◆ ASSIGNMENT: Transcribe only part of the material below: the lines from the one containing "تقدم 6 من أعضاء" through the one containing "to hundreds GOhm;[3][45]", inclusive, exactly as written.

[Start of Attachment]

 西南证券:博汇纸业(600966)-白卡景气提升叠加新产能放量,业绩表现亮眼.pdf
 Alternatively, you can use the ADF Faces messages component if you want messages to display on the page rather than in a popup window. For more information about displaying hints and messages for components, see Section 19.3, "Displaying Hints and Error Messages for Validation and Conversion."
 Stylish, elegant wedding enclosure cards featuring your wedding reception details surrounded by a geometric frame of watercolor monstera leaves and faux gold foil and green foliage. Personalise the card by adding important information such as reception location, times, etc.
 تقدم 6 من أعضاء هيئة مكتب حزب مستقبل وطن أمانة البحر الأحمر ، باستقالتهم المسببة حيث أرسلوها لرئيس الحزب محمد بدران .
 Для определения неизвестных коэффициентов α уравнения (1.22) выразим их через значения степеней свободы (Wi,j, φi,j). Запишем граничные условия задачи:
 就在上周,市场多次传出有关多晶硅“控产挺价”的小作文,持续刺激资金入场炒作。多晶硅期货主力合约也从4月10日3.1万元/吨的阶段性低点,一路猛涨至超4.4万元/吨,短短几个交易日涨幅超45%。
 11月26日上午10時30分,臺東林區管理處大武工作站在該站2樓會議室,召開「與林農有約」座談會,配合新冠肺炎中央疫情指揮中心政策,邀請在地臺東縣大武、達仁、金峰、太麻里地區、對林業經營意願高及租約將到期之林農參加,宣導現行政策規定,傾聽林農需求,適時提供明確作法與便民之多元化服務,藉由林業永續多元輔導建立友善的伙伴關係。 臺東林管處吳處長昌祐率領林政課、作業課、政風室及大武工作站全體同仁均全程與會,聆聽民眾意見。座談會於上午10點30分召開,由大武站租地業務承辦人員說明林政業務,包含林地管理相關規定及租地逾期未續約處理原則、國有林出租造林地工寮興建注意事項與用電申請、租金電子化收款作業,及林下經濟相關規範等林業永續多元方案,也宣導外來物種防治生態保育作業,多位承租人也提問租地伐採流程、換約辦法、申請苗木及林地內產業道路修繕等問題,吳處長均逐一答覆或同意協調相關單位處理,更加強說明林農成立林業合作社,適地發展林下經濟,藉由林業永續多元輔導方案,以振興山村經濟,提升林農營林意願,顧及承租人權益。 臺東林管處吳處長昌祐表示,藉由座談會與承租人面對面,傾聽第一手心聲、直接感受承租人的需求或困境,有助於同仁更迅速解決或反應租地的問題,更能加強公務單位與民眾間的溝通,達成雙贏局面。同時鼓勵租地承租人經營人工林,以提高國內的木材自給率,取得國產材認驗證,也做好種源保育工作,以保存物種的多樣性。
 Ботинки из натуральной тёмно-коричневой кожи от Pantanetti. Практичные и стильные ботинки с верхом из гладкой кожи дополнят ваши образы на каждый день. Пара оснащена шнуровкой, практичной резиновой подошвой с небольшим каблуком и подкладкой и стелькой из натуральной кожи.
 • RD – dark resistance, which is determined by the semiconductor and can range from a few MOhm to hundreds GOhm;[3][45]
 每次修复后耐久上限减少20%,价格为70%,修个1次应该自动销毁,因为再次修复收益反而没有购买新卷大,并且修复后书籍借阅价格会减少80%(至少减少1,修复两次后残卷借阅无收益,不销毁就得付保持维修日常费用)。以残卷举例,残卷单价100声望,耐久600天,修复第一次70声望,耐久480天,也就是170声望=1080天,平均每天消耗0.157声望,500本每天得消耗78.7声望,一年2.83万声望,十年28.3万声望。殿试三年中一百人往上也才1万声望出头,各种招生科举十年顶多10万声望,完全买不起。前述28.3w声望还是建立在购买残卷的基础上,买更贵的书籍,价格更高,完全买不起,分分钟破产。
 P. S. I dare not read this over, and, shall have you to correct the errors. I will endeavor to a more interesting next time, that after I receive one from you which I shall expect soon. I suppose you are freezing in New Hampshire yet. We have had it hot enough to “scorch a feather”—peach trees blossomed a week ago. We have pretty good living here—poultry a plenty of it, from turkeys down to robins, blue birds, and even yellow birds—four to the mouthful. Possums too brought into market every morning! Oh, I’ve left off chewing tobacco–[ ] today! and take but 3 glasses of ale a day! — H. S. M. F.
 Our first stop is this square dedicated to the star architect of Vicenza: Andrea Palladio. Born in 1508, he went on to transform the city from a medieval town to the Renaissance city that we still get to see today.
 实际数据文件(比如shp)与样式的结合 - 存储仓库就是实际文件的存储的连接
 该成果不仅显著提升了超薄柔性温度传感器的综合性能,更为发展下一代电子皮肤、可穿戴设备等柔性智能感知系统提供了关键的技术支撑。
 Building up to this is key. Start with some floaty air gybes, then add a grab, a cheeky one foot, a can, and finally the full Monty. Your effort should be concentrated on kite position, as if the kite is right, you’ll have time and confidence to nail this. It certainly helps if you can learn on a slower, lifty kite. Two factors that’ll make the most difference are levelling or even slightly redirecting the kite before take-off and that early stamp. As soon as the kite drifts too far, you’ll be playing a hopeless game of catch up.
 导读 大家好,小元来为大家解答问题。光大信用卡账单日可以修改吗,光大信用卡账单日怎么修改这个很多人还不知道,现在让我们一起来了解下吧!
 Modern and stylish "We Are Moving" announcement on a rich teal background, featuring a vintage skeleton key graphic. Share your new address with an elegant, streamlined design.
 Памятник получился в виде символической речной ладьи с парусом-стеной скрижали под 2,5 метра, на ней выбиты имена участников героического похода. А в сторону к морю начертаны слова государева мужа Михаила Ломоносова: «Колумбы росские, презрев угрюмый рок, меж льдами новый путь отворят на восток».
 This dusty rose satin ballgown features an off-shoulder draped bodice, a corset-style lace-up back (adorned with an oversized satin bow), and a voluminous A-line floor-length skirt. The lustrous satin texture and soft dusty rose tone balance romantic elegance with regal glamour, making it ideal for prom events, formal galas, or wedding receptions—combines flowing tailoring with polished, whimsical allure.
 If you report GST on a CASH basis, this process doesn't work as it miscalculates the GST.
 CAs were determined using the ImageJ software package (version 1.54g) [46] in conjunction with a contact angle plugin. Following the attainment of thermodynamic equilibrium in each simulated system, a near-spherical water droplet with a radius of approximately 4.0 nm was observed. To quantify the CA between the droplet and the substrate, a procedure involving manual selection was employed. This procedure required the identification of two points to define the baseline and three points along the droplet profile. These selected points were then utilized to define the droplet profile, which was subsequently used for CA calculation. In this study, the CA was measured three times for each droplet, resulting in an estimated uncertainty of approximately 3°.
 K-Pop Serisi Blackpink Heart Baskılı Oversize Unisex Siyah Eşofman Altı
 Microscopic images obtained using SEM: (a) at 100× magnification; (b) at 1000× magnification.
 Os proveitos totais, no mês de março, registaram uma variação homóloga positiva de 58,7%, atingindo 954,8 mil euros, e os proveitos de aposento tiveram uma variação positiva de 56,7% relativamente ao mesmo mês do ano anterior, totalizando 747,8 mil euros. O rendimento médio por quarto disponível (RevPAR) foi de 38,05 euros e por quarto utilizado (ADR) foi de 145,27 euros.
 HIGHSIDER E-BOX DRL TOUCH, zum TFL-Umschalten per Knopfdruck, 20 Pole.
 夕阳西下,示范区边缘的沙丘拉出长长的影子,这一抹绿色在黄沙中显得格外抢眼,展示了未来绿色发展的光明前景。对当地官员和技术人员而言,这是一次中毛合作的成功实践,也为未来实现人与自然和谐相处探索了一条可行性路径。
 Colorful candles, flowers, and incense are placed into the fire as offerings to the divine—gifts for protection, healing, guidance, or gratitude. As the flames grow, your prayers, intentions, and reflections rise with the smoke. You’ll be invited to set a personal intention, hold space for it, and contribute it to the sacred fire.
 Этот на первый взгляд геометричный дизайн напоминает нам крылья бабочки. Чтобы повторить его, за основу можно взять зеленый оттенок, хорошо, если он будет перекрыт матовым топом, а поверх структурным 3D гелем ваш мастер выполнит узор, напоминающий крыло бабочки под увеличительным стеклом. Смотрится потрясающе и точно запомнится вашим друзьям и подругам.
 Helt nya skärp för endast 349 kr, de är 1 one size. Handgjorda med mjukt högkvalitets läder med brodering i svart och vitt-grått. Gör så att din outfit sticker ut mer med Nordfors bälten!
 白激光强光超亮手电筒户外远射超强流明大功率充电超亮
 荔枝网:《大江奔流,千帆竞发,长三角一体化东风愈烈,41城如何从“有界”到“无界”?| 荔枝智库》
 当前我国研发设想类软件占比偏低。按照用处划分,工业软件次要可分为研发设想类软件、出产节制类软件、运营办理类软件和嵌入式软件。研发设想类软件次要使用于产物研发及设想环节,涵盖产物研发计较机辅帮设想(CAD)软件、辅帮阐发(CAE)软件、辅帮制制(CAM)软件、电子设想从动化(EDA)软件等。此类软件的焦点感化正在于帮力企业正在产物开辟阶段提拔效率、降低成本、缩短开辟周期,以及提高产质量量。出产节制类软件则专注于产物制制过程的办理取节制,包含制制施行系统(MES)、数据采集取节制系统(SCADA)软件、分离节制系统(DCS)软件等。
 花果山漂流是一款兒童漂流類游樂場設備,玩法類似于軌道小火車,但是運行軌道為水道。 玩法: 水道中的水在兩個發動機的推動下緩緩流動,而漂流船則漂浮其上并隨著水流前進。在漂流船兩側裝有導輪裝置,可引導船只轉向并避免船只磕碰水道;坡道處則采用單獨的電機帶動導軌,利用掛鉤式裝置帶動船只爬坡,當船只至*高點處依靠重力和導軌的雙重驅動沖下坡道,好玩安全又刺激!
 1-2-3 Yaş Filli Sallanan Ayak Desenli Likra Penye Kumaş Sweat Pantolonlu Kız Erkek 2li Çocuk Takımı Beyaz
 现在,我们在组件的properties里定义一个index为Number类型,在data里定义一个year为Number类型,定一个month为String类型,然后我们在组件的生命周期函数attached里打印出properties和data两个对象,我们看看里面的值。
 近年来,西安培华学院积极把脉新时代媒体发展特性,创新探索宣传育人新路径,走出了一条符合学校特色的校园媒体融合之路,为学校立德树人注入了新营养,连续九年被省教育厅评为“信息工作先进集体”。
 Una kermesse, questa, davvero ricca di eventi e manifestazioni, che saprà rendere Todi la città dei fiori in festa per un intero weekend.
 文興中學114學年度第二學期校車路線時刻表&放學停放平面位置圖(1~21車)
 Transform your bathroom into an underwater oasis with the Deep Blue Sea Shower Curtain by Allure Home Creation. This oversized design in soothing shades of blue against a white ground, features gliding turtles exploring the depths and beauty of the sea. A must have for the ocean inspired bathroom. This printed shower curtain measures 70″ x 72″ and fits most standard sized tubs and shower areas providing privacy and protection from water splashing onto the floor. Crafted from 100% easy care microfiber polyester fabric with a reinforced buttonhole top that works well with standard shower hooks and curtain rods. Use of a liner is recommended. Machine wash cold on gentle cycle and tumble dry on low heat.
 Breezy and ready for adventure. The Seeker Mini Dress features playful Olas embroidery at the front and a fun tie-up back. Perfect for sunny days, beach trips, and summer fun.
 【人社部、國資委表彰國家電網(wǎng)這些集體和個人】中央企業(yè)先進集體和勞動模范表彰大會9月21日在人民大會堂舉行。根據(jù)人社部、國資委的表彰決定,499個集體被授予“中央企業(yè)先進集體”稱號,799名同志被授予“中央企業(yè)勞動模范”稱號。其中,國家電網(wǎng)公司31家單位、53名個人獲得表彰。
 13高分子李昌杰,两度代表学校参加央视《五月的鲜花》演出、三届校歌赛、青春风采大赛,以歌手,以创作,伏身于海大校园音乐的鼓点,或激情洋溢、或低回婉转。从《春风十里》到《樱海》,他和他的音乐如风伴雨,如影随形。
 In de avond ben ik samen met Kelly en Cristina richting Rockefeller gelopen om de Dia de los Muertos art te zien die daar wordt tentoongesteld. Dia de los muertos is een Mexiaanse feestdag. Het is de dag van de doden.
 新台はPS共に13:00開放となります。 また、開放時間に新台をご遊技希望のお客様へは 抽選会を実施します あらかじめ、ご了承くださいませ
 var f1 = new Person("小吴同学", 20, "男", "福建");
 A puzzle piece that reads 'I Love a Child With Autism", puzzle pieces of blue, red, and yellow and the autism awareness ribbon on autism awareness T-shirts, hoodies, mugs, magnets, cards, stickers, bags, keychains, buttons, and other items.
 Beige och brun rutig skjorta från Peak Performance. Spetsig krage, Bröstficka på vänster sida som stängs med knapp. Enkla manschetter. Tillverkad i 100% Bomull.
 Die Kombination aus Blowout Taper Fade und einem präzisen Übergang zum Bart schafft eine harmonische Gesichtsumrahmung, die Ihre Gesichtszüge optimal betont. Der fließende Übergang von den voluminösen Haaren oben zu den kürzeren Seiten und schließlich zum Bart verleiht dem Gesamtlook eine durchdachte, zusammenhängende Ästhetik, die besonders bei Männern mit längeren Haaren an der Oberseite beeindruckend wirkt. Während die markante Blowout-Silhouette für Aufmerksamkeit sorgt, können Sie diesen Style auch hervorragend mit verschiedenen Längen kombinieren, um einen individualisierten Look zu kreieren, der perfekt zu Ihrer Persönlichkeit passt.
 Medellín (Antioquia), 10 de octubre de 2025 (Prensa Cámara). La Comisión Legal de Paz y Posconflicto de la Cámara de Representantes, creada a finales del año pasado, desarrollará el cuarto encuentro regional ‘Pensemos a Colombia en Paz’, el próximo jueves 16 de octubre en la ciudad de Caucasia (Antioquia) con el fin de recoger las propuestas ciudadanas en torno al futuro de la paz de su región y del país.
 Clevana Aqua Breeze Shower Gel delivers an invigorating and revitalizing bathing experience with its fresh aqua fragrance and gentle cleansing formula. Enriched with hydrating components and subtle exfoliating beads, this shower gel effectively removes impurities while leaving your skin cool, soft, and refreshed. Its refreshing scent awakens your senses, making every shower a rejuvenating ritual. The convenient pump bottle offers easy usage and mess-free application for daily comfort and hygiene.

[End of Attachment]

◆ RESULT:
 تقدم 6 من أعضاء هيئة مكتب حزب مستقبل وطن أمانة البحر الأحمر ، باستقالتهم المسببة حيث أرسلوها لرئيس الحزب محمد بدران .
 Для определения неизвестных коэффициентов α уравнения (1.22) выразим их через значения степеней свободы (Wi,j, φi,j). Запишем граничные условия задачи:
 就在上周,市场多次传出有关多晶硅“控产挺价”的小作文,持续刺激资金入场炒作。多晶硅期货主力合约也从4月10日3.1万元/吨的阶段性低点,一路猛涨至超4.4万元/吨,短短几个交易日涨幅超45%。
 11月26日上午10時30分,臺東林區管理處大武工作站在該站2樓會議室,召開「與林農有約」座談會,配合新冠肺炎中央疫情指揮中心政策,邀請在地臺東縣大武、達仁、金峰、太麻里地區、對林業經營意願高及租約將到期之林農參加,宣導現行政策規定,傾聽林農需求,適時提供明確作法與便民之多元化服務,藉由林業永續多元輔導建立友善的伙伴關係。 臺東林管處吳處長昌祐率領林政課、作業課、政風室及大武工作站全體同仁均全程與會,聆聽民眾意見。座談會於上午10點30分召開,由大武站租地業務承辦人員說明林政業務,包含林地管理相關規定及租地逾期未續約處理原則、國有林出租造林地工寮興建注意事項與用電申請、租金電子化收款作業,及林下經濟相關規範等林業永續多元方案,也宣導外來物種防治生態保育作業,多位承租人也提問租地伐採流程、換約辦法、申請苗木及林地內產業道路修繕等問題,吳處長均逐一答覆或同意協調相關單位處理,更加強說明林農成立林業合作社,適地發展林下經濟,藉由林業永續多元輔導方案,以振興山村經濟,提升林農營林意願,顧及承租人權益。 臺東林管處吳處長昌祐表示,藉由座談會與承租人面對面,傾聽第一手心聲、直接感受承租人的需求或困境,有助於同仁更迅速解決或反應租地的問題,更能加強公務單位與民眾間的溝通,達成雙贏局面。同時鼓勵租地承租人經營人工林,以提高國內的木材自給率,取得國產材認驗證,也做好種源保育工作,以保存物種的多樣性。
 Ботинки из натуральной тёмно-коричневой кожи от Pantanetti. Практичные и стильные ботинки с верхом из гладкой кожи дополнят ваши образы на каждый день. Пара оснащена шнуровкой, практичной резиновой подошвой с небольшим каблуком и подкладкой и стелькой из натуральной кожи.
 • RD – dark resistance, which is determined by the semiconductor and can range from a few MOhm to hundreds GOhm;[3][45]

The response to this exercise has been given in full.